## Exercise details
From the records below, please repeat exactly the line that has "Una velita de", the line that has "When I walked", and every line between them, and nothing else.

## Dataset records
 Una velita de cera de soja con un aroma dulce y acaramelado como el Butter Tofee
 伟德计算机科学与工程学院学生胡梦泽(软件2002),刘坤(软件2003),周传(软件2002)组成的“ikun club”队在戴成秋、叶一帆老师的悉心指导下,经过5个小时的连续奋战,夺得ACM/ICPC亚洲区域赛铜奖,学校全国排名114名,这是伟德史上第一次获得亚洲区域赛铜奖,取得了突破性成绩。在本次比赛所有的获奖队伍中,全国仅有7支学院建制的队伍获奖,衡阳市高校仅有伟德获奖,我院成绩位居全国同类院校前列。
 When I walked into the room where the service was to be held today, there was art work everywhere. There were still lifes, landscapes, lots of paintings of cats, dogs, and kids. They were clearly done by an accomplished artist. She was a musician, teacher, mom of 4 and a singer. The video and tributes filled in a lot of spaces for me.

==

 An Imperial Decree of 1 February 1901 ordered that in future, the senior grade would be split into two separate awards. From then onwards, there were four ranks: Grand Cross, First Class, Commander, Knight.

==

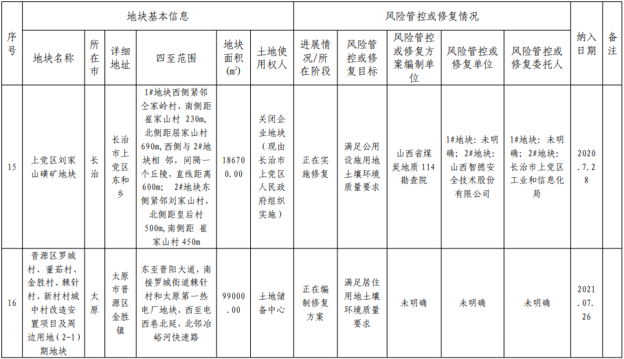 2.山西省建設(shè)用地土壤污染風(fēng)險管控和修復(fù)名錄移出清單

## Answer box
 Una velita de cera de soja con un aroma dulce y acaramelado como el Butter Tofee
 伟德计算机科学与工程学院学生胡梦泽(软件2002),刘坤(软件2003),周传(软件2002)组成的“ikun club”队在戴成秋、叶一帆老师的悉心指导下,经过5个小时的连续奋战,夺得ACM/ICPC亚洲区域赛铜奖,学校全国排名114名,这是伟德史上第一次获得亚洲区域赛铜奖,取得了突破性成绩。在本次比赛所有的获奖队伍中,全国仅有7支学院建制的队伍获奖,衡阳市高校仅有伟德获奖,我院成绩位居全国同类院校前列。
 When I walked into the room where the service was to be held today, there was art work everywhere. There were still lifes, landscapes, lots of paintings of cats, dogs, and kids. They were clearly done by an accomplished artist. She was a musician, teacher, mom of 4 and a singer. The video and tributes filled in a lot of spaces for me.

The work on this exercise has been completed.